Hacker Newsnew | past | comments | ask | show | jobs | submitlogin

The demo is impressive but personally, as a commercial user, for my practical use cases, the only thing I care about is how smart it is, how accurate are its answers and how vast is its knowledge. These haven’t changed much since GPT-4, yet they should, as IMHO it is still borderline in its abilities to be really that useful


But that's not the point of this update


I know, and I know my comment is dismissive of the incredible work shown here, as we’re shown sci-fi level tech. But I feel I have this kettle, that boils water in 10min, and it really should boil it in 1, but instead is now voice operated.
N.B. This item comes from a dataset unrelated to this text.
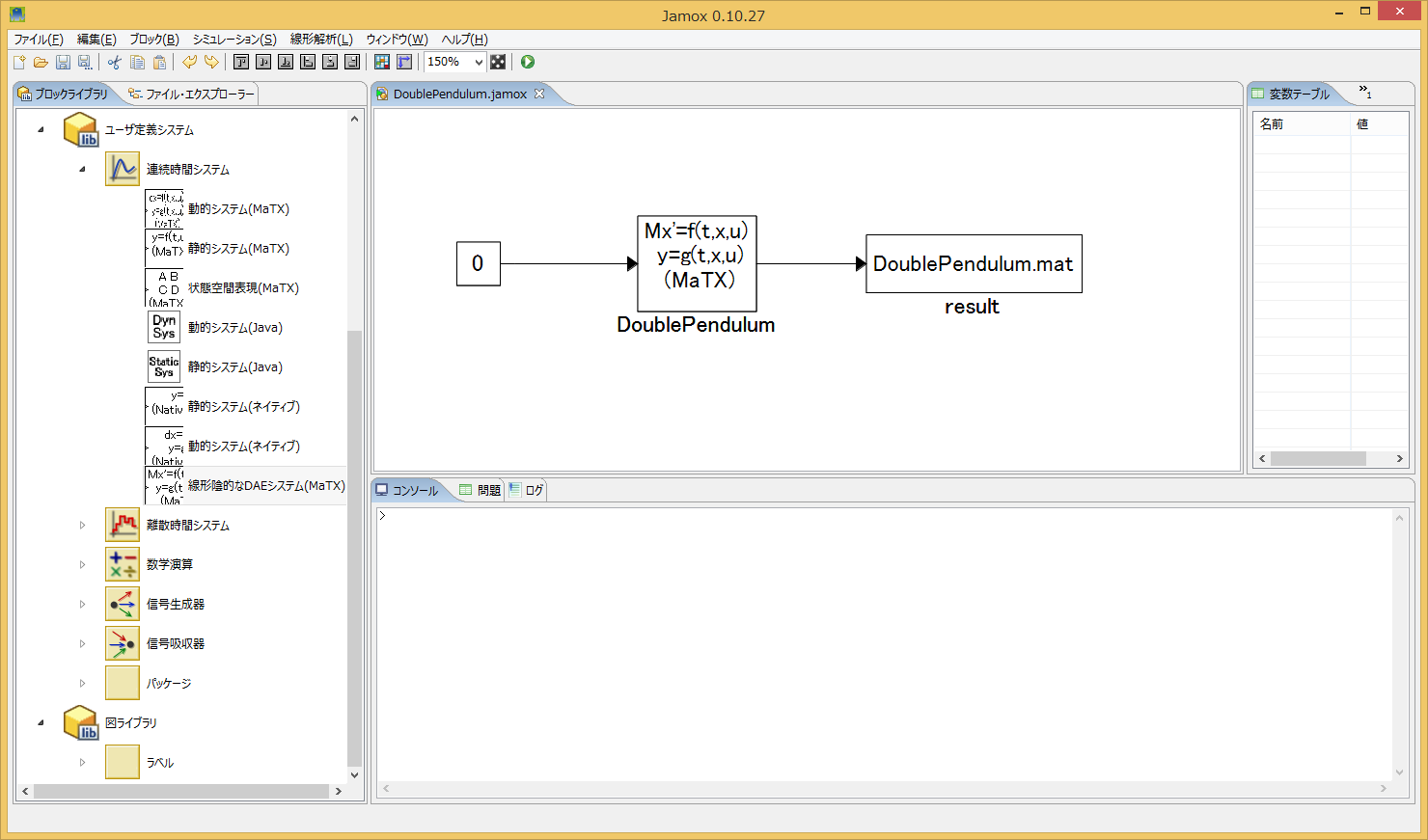 この例題をJamoxで表現するために線形陰的なDAEシステム(MaTX)などその他必要なブロックをブロックライブラリからドラック&ドロップし、 下図のようなブロック線図を作成します。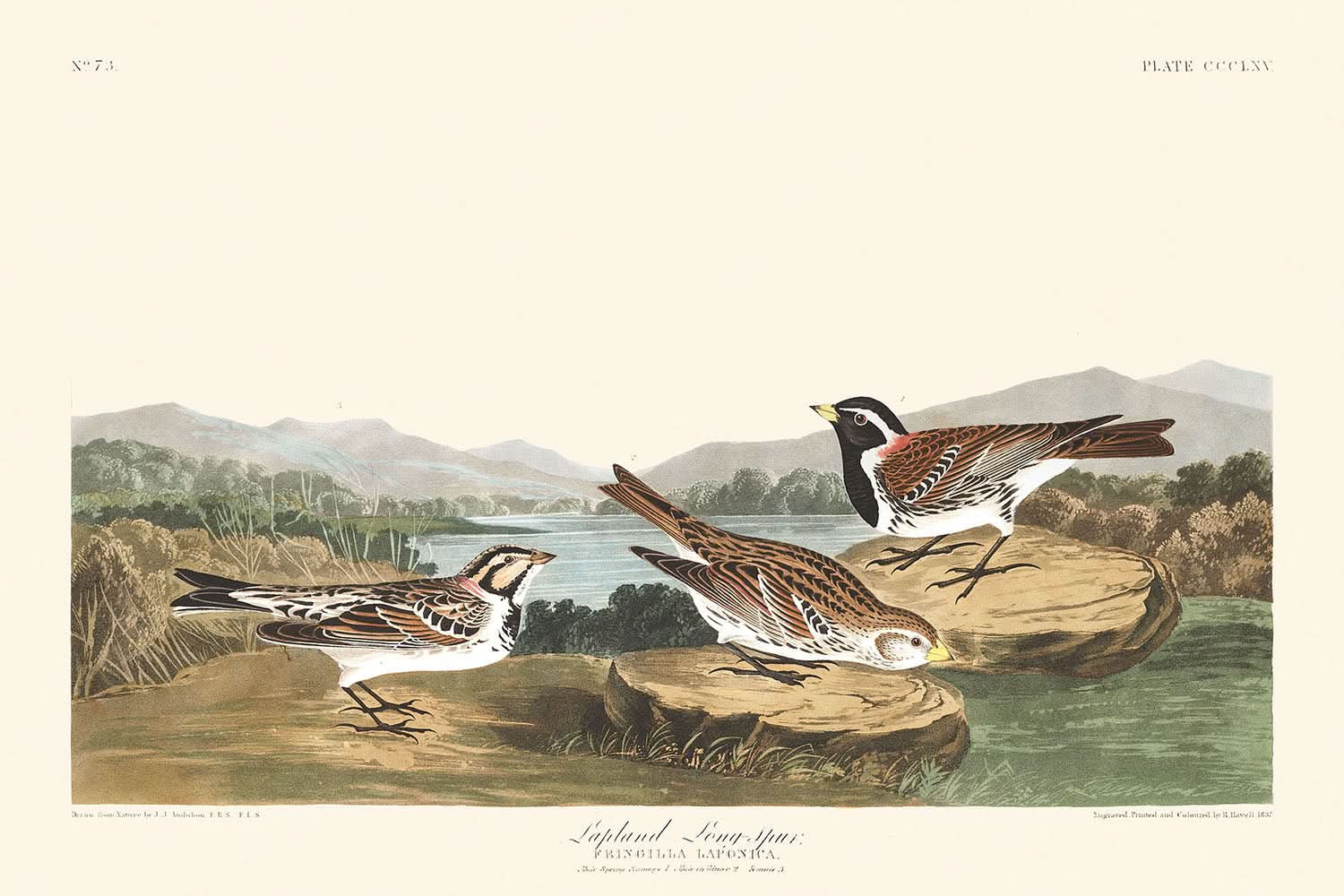 Lapland Long-spur, first published in 1827, is a captivating illustration from John James Audubon's renowned work, The Birds of America. This exquisite portrayal highlights the natural grace and intricate beauty of the Lapland Long-spur, a species known scientifically as Calcarius lapponicus. Audubon’s ability to capture the essence of American avifauna is on full display in this elegant illustration.

I hope the next version delivers on being smarter, as this update instead of making me excited, makes me feel they’ve reached a plateau on the improvement of the core value and are distracting us with fluff instead


Everything is amazing & Nobody is happy: https://www.youtube.com/watch?v=PdFB7q89_3U


gpt4 isn't quite "amazing" in terms of commercial use. Gpt4 is often good, and also often mediocre or bad. Its not going to change the world, it needs to get better.


Near real-time voice feedback isn't amazing? Has the bar risen this high?
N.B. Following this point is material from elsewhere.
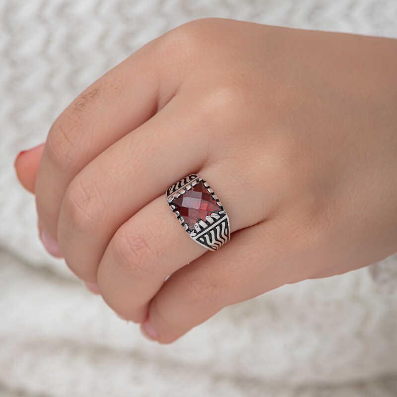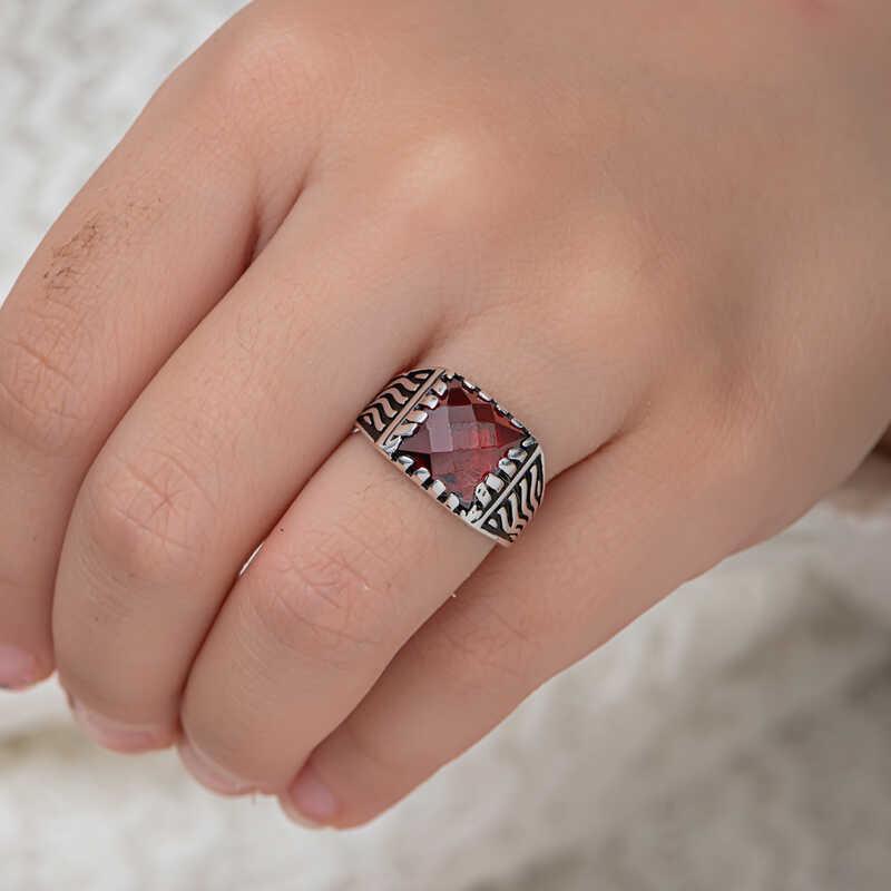 Silver Red Zircon Stone Children's Ring This ring model, made of zircon stones on silver, is a stylish accessory that you can use at any time of the day. You can make your child happy by gifting this ring to them at regular times or on their birthday. Children's boys' ring model with red zircon stones is made of 925 sterling silver. Oxidized silver is coated. Oxidized silver children's rings preserve their shine for a long time. Like all children's boys' rings, the silver red zircon stone men's ring model is also produced by hand. Due to silver and precious stones, there may be ± 10% deviation in the average product weight. Ring Width: 1.60 cm Ring Length: 2.20 cm Average Weight: 4 gr.

I already know an application for this, and AFAIK it's being explored in the SaaS space: guided learning experiences and tutoring for individuals.

My kids, for instance, love to hammer Alexa with random questions. They would spend a huge amount of time using a better interface, esp. with quick feedback, that provided even deeper insight and responses to them.

Taking this and tuning it to specific audiences would make it a great tool for learning.


"My kids, for instance, love to hammer Alexa with random questions. They would spend a huge amount of time using a better interface, esp. with quick feedback, that provided even deeper insight and responses to them."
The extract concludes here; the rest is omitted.